Asha wipes sweat off her brow. I mirror.
‘Fancy a drink?’ she says and I indicate the perspiration and the Lycra.
But I still go.
I think about my bottom as I stand at the bar while Asha entertains our babies in their highchairs and I wonder if anyone is looking at it, thirty-five years old, motherly, unexercised and flaunting itself in Lycra. Who does it think it is, this arse?
I order a wine even though it’s 2 p.m.
I head back to the table and hand Asha a fizzy water. She glances quickly at my Malbec. Looks away. I start rambling, embarrassed, about baby gates and child locks.
‘It’s genuinely astonishing that other people from the group didn’t want to come with us.’ I smile. ‘When my chat is this good.’
Asha laughs. But now the beat and the moving of the class have stopped, my mind is whirring again. I have a meeting with the lawyer in a few days and barely anything to update him on. I’ve reached a dead end and the idea of standing still there is terrifying.
I take a large gulp of wine.
‘Are you okay?’ Asha asks.
‘Yeah, you know,’ I sigh. ‘Just fighting with Ed about the whole video thing.’
‘Want to talk about it?’
Yeah sure, I think, more chat about my sex tape side gig. My terror of the future. Being ashamed of myself, every second. Not being able to look my dad in the eye any more. Drifting from my sister. Career in ruins. My crumbling marriage.
Too much. Too awful.
‘No,’ I say, and then I think I sounded a little snippy.
But I was desperate to talk and then I was sick of talking and that’s just how it is.
‘Well if you ever do, I’m here,’ she says quietly, sipping her water. I don’t think she looks annoyed.
I nod, down the rest of my house red and flee.
And it’s on the walk home that I check my phone.
It’s not a surprise but that doesn’t mean it doesn’t puncture me in the lungs, pummel me in the gut.
It’s what I’ve feared.
Through all of this – which it strikes me now may just have been a warm-up – it’s what I’ve feared the most.
‘So you’ve quit your job as an infuencer?’ it says. ‘Not planning to go back to the job you used to do back in the day, are you? That’s what everyone will find out next. Unless you leave him alone.’
I stand in the street, next to a tree, as a dog runs past me and children shriek and thwack footballs in the playground of a nearby school and I feel my whole body tremble and reality and normal life drift, drift, drift further away.
I knew it was coming. Knew Mitch, Ollie and me was just the starting move.
That if somebody really wanted to wipe out my life – maybe not the breath but the joy, the pride, the self-worth – this is where they would go. It’s the picture that keeps me awake. Short skirts, long nights. The penthouse.
One part is confusing though: leave who alone? It sounds as though I’m supposed to know but I’m blank. Joseph? Ollie?

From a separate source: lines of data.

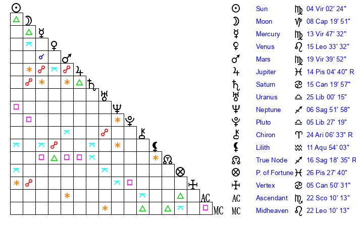 | Moon | 8 Capricorn 24 | 25 Libra 50 | 22 Scorpio 5 |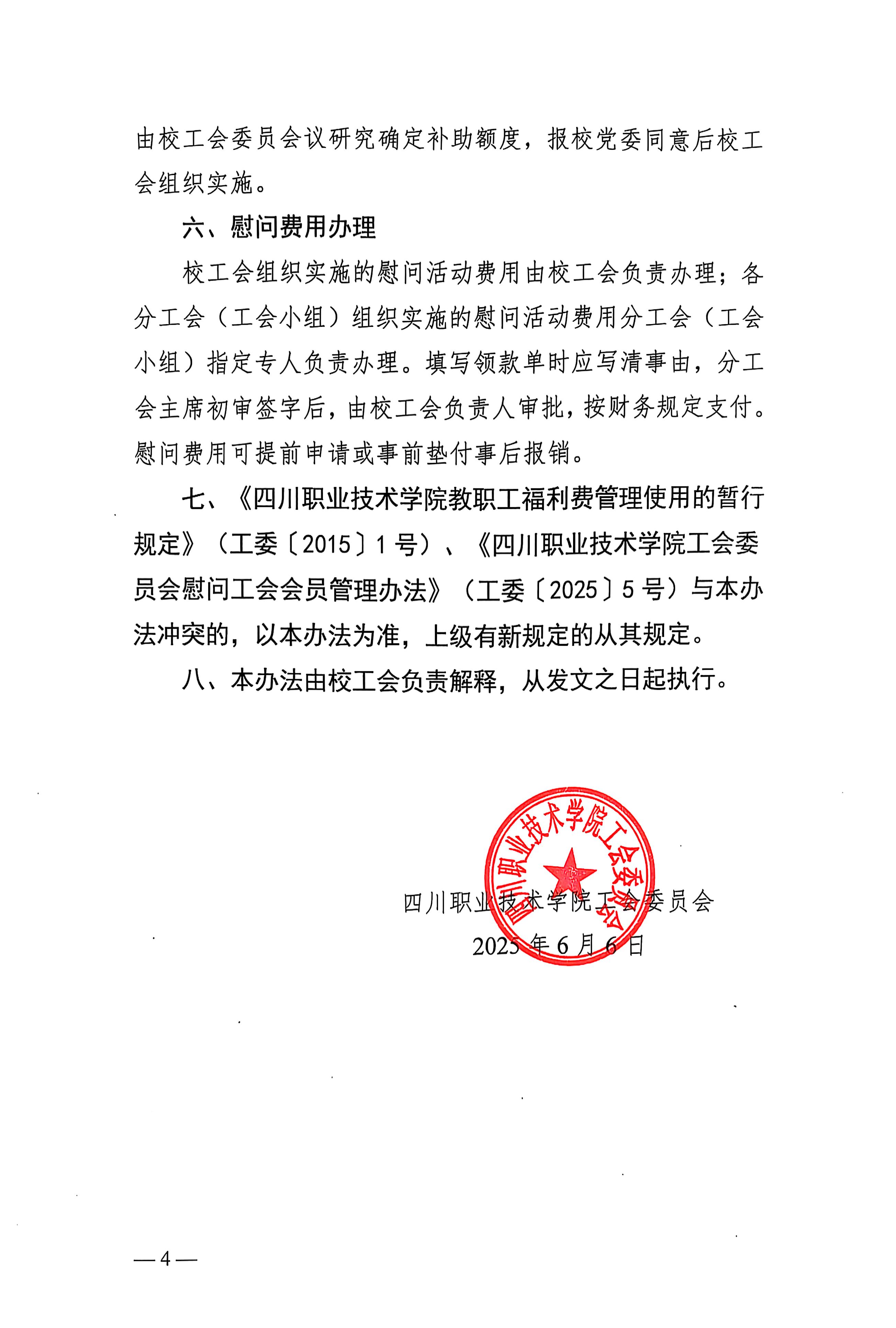 工委【2025】6号 四川职业技术学院工会委员会慰问工会会员管理办法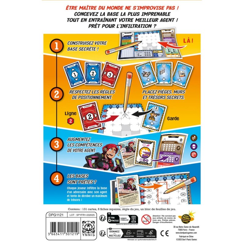 Dans ce "flip & write" malin et innovant, chacun coche et dessine sur sa feuille pour créer un labyrinthe défensif truffé de pièges, murs, gardiens et trésors secrets. Chaque tour, les joueurs choisissent simultanément des cartes pour poser un nouvel élément ou améliorer leurs compétences d’infiltration : discrétion, mouvement ou combat. Au terme de la phase de planification, chacun infiltre la base d’un autre joueur avec son agent, en gérant ses points d'entraînement et en activant ses gadgets au bon moment.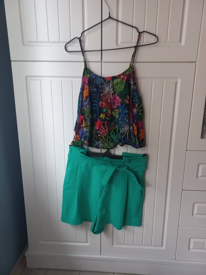 Kadınlar için kemerli, askılı ve straplez yaka detaylı, bol kesim kısa yeşil tie-dye desenli buluz ve sort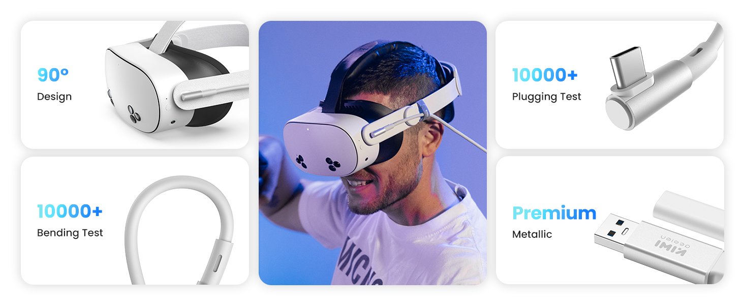 Review: Do you hate running out of charge? Do you despise spending insane money on Meta’s official link cable? Find that any other link cable you use seems to never output near enough power to actually keep you charged, so 3 hours in you run out, despite the fact you’re tethered, so you still need a power bank to continue on your VR adventures, which also means needing to switch back to wireless which causes bit rate artifacting and is annoying? Well, then look no further and take this cable for a whirl!EDIT: Okay, had this cable for a few months, still works good for what I use it for. It still keeps my headset charged, it’s still a very well built cable, but it still has the issue of…cable. Over time it’s twisted up, and now has a very odd issue where it creates these small lines across the lower part of my screen. It’s a tad annoying, I get used to it, but like any cable…expect to replace eventually because these things get twisted easy. The good thing is though, Kiwi is THE 3rd party for Quest 3’s and I bet you they are good with a warranty. If I remember right it has over a year of warranty, so…hey take advantage of that. If I could rate this a 4.5/5 I would. It’s still the standard for Quest 3 link cables in my opinion, but maybe now I won’t be rating any link cable a 5 until this issue is not an issue.The way this cable works is you have both the USB-A (in the fastest port for data transfer you have on your PC) and the USB-C connected to a wall outlet (the power brick NEEDS to be 45 Watts or higher, I recommend a 65 Watt brick), plug the USB-C in first, plug it into the headset so it negotiates a higher charge speed from the brick’s wattage *very important, otherwise you WILL run out of power*, then plug the USB-A end into your PC, and then you’re golden. At that point, you should never run out of power when VR gaming, and maintain your wired connection. For $20 on sale, and $36 (which is a bit steep not gonna lie), this cable performs phenomenally. Kiwi puts out great accessories on the 3rd party end, comparable to Meta’s. 16 FT is fantastic for VR gaming, really nice to have the extra length, though 10FT is functional. Charge Speed is good, as I illuded to, but the goal is to stay fully charged and just never run out, which it does. I feel the cord feels heavier, and I like that it’s a rubber outer not mesh, so I would claim durability is better but the enemy of these cables is being twisted up. Be careful not to twist too much, but also, Kiwi does offer a warranty. If you want to do good PC linked gaming, do yourself a favor and get this cable or one designed like it.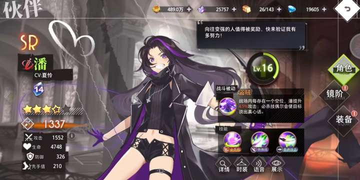 潘(SR):前中期最强单体输出 前期依旧不错 可以阿瑞斯上来打一下主角 就是抽取率变低了 出ssr都不出潘 前期如果有4星以上的潘可以用 如果没有也可以用4-5星的赫茜代替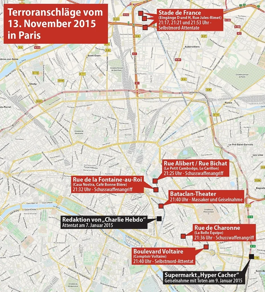 Karte der Terroranschläge vom 13. November 2015 in Paris, Wikimedia.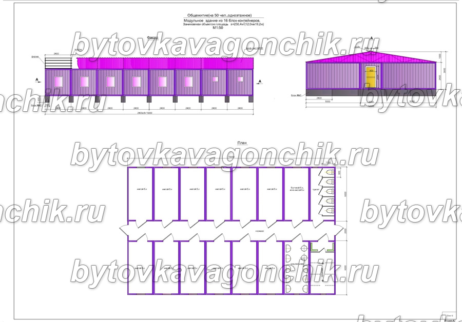 Фасады, план общежития на 50 человек, из 16 шт БК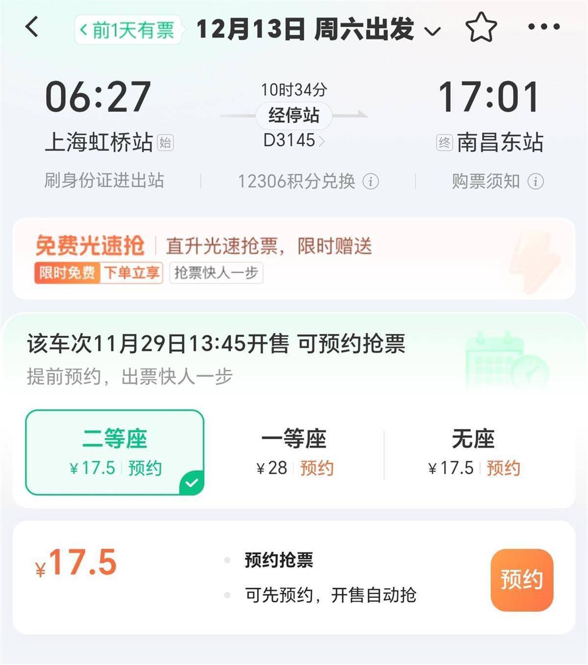 11月27日盈透科技,有网友发视频称,同程旅行APP显示上海虹桥至南昌东的D3145次列车二等座票价仅17.5元盈透科技,该车运行时长10小时34分钟,低价车票引发热议。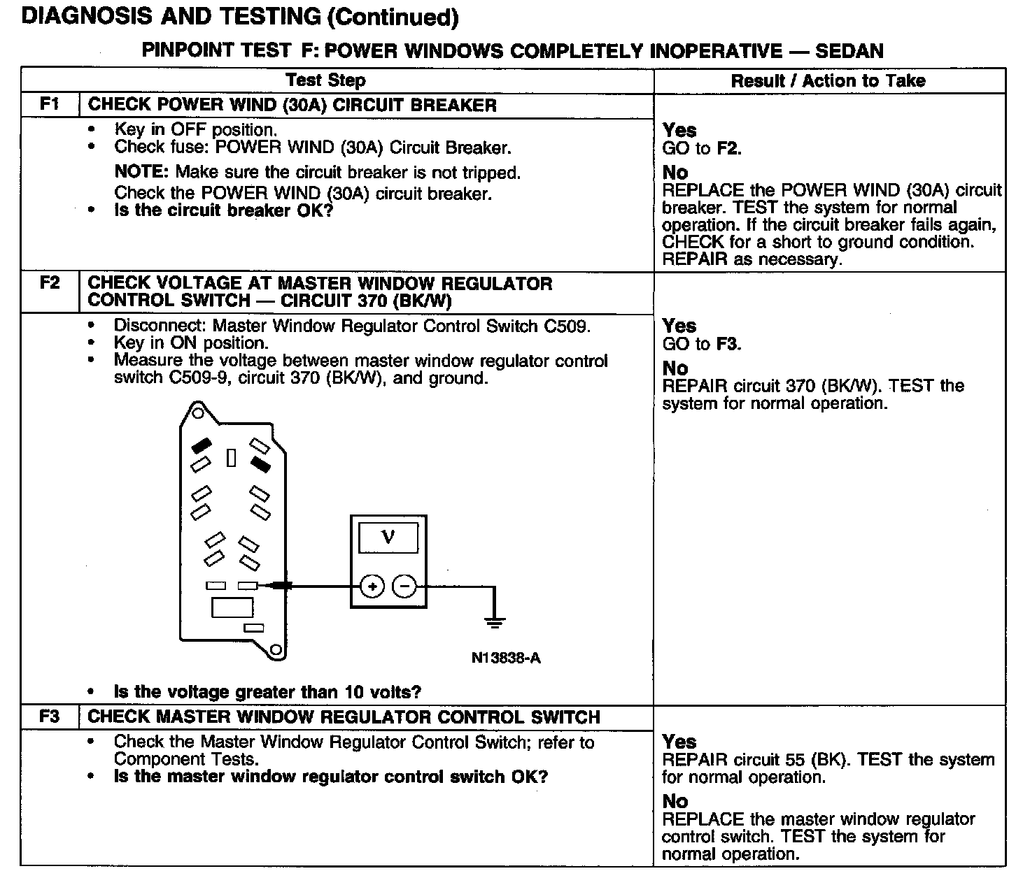 PINPOINT TEST F: POWER WINDOWS COMPLETELY INOPERATIVE - SEDAN

I am about to reply but I know I can’t.
I email Jonathan instead, as I’ve been told to do whenever anything happens.
Firstly, I say. This part of things must remain completely confidential from my husband. But there is something new.
And then I fill him in. On the truly murkiest part of my past, the one there is no way Ed would stick around if he knew about. The one I have to bury, if I have any chance of keeping this life, of still being respectable Scarlett, of not falling apart entirely.